Our politicians would be wise to take heed of the Auditor General’s report into the privatisation of the state’s electricity assets. Source: Kevin MacDonald.

Not only does the report give the proposed sale a clean bill of health, it also calls on the parliament to act without delay to maximise the return for the people of NSW.

Business wholeheartedly supports the sale of the state’s electricity assets and the NSW Business Chamber has strongly supported. For too long NSW has failed to effectively manage its major assets. Government has either held on to assets with declining values for too long or refused to privatise assets that could be better run by the private sector. It makes little sense to hold on to assets with a declining value, whilst at the same time the State can’t afford to buy or build other high priority assets.

A fortnight ago, the Rural Communities Impact Statement found privatisation would actually increase jobs in rural areas and services would not be affected. The Owen Inquiry and the Unsworth Review both found the Government’s restructure to be in the best interests of the people of NSW. Now, with Auditor General Peter Achterstraat’s report all the hurdles have been cleared and the pathway to privatisation is clear.

These reforms are too important to NSW’s future to be opposed. Failure to reform the sector now could stifle investment in critical infrastructure and threaten NSW of adequate supply. This will hurt jobs, businesses and consumers.

Often the reason for holding on to these assets is either trade union opposition to their sale or a perceived sentimental attachment by the community to some public assets. The best example is electricity where the entire network was estimated to be worth $25 billion a decade ago – and it is estimated that the entire network is worth half that amount.

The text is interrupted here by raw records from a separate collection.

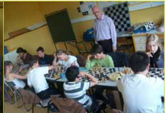
Cours d'échecs pour les CM2 où la concentration est de rigueur !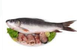
ಮೀನು ಅಥವಾ ಕೋಳಿ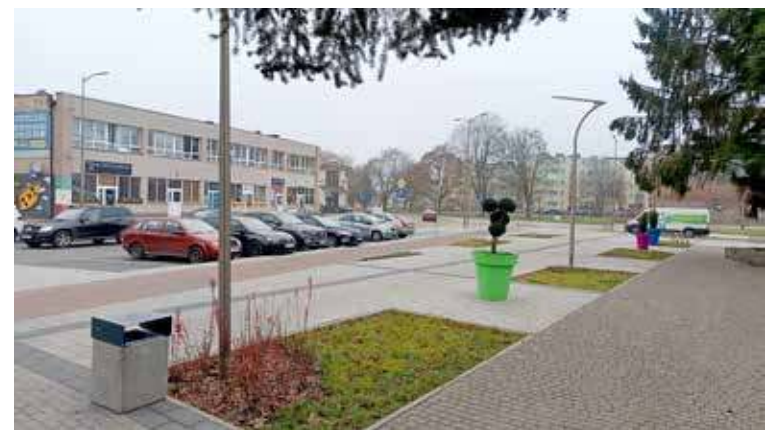
Nasadzenia są, ale dość mizerne

Taki cel jest naprawdę słuszny. Jednak, jak zauważyli co niektórzy z mieszkańców... nie widać prób jego realizacji. Komentujący dość zdroworozsądkowo wskazali na coś wręcz przeciwnego – rosnącą „betonożę”. Dość obrazowo to widać w jednej z naj-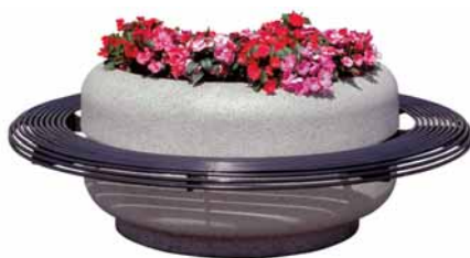
Saturnia-teräspenkki ja Classica-allas

Istuin- ja selkäosa 15 mm:n teräspuutkea. Harmaa RAL 7021 pinnoite tai ruostumaton teräs. Pituus 1500 mm, korkeus 729 mm, syvyys 635 mm.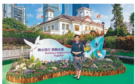
●特首在禮賓府「打卡」。是本地可見的品種，寓意正如《北部都會區發展策略》中倡議的其中一項原則——發展與保育並重。

禮賓府由昨日開始一連3天舉行年度的授勳典禮，行政長官林鄭月娥昨日在fb發帖表示，留意到獲授勳的賓客和他們的家人都喜歡到禮賓府的不同角落拍照留念，所以她自去年開始就請新聞處及康文署的同事安排一些「打卡」位。去年，隨着香港國安法頒布實施和新冠疫情，部門同事就設計了「國安」、「家安」、「民安」、「以愛走出疫境」的花圃，今年則是「齊心同行、開創未來」，響應2021年施政報告主題，而花圃上的雀鳥和蝴蝶都是本地可見的品種，寓意正如《北部都會區發展策略》中倡議的其中一項原則——發展與保育並重。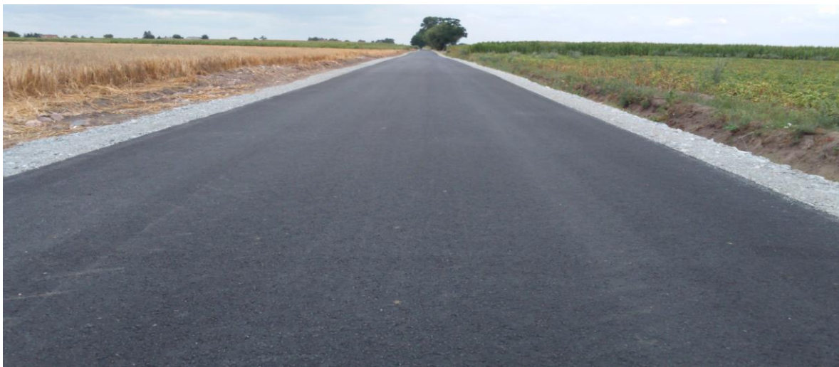
zdjęcie nr 1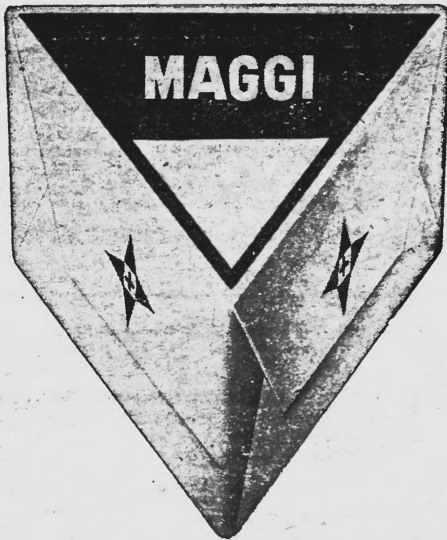
(La marque est exécutée en jaune et rouge.)

Produits alimentaires et condiments, produits diététiques, pharmaceutiques chimiques pour l'industrie et les sciences et produits agricoles.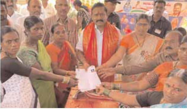
ధరఖాస్తులను స్వీకరిస్తున్న దృశ్యం

చౌదాపూర్ మేజర్ న్యూస్ (జనవరి 02): కాంగ్రెస్ ప్రభుత్వం చేపట్టిన 6 గ్యారంటీలపై ఎలాంటి అపోహలు వండోద్దని పక్కాగా ఆరు గ్యారెంటీలు అమలు చేస్తామని పరిగి ఎమ్మెల్యే రామ్మోహన్ రెడ్డి అన్నారు. మంగళవారం చౌదాపూర్ మండల పరిధిలోని విరలాపూర్ గ్రామంలో నూతన గ్రామపంచాయతీ భవనాన్ని ప్రారంభించారు. అనంతరం ప్రజాపాలన కార్యక్రమాన్ని ప్రారంభించి ప్రజలతో దరఖాస్తులు స్వీకరించారు. అనంతరం చౌదాపూర్ మండల కేంద్రంలో స్థానిక తహసీల్దార్ ప్రభులు ఆధ్వర్యంలో ఎమ్మెల్యే రామ్మోహన్ రెడ్డి కళ్యాణ లక్ష్మి చెక్కులు పంపిణీ చేశారు. వీరాపూర్ కన్యకా కాల్య గ్రామంలో ప్రజా పాలన కార్యక్రమాన్ని ప్రారంభించి గ్రామస్తులచే దరఖాస్తులు స్వీకరించారు. ఈ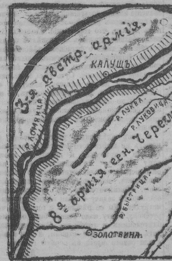
На краю пропасти.

Прорывъ нашего фронта расширяется. Полчища германскаго императора устремляются сквозь образовавшуюся брешь въ глубь революціонной Россіи, той самой Россіи которая провозгласила на весь міръ великія идеи справедливости и братства и въ первомъ порывѣ революціоннаго энтузіазма протолкнула руку германскому народу, оставившись висѣть въ воздухѣ. Русскія войска на многихъ частяхъ прорваннаго фронта не опаздали должнаго производствѣмъ неспирителю, не исполнили боевыхъ приказовъ и побѣжали со своихъ позиций, видя оружіе, сдаваясь въ плѣнъ.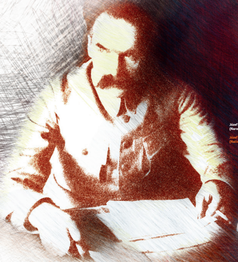
Józef Piłsudski w Belwederze, ok. 1920 r. Józef Piłsudski at the Belweder, circa. 1920.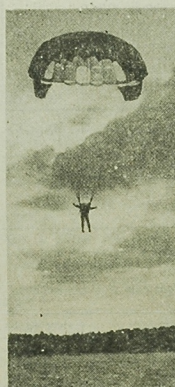
Pol. Z. Kozłowiec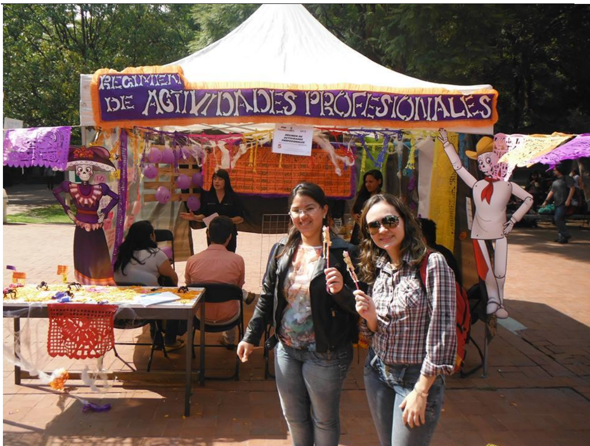
Feira de atividades profissionais, UAM Azcapotzalco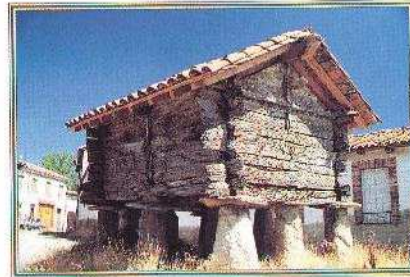
Vista de la Plaza con el Negrellón.

Su ritual es San Pelayo y celebra sus fiestas patronales el 26 de Junio.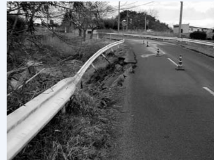
甚大な被害を受けた仙南・仙塩広域水道管(大平区)

3月11日に発生した東日本大震災においては、町内の水道管が甚大な被害を受け、大規模な断水が起きました。皆様には、大変ご不便をおかけしました。

The privatisation of Government assets when done effectively can help deliver essential services to the state’s ratepayers. Funding should be put aside for a multi billion infrastructure fund – a fund that is used to invest in key infrastructure across the state such as water, roads, public transport and port upgrades. This helps move away from the old idea of selling government assets and exclusively retiring debt, to a more balanced one that is about privatising old assets so that economic infrastructure can be built”.

Without massive investment, NSW risks running out electricity in the next decade. Privatisation can help deliver that investment and that’s why the NSW Business Chamber along with other leading business groups formed the Alliance for NSW Future. Put simply, we want to bring the focus back to what matters - providing the best, most reliable and environmentally sustainable power for the most competitive price.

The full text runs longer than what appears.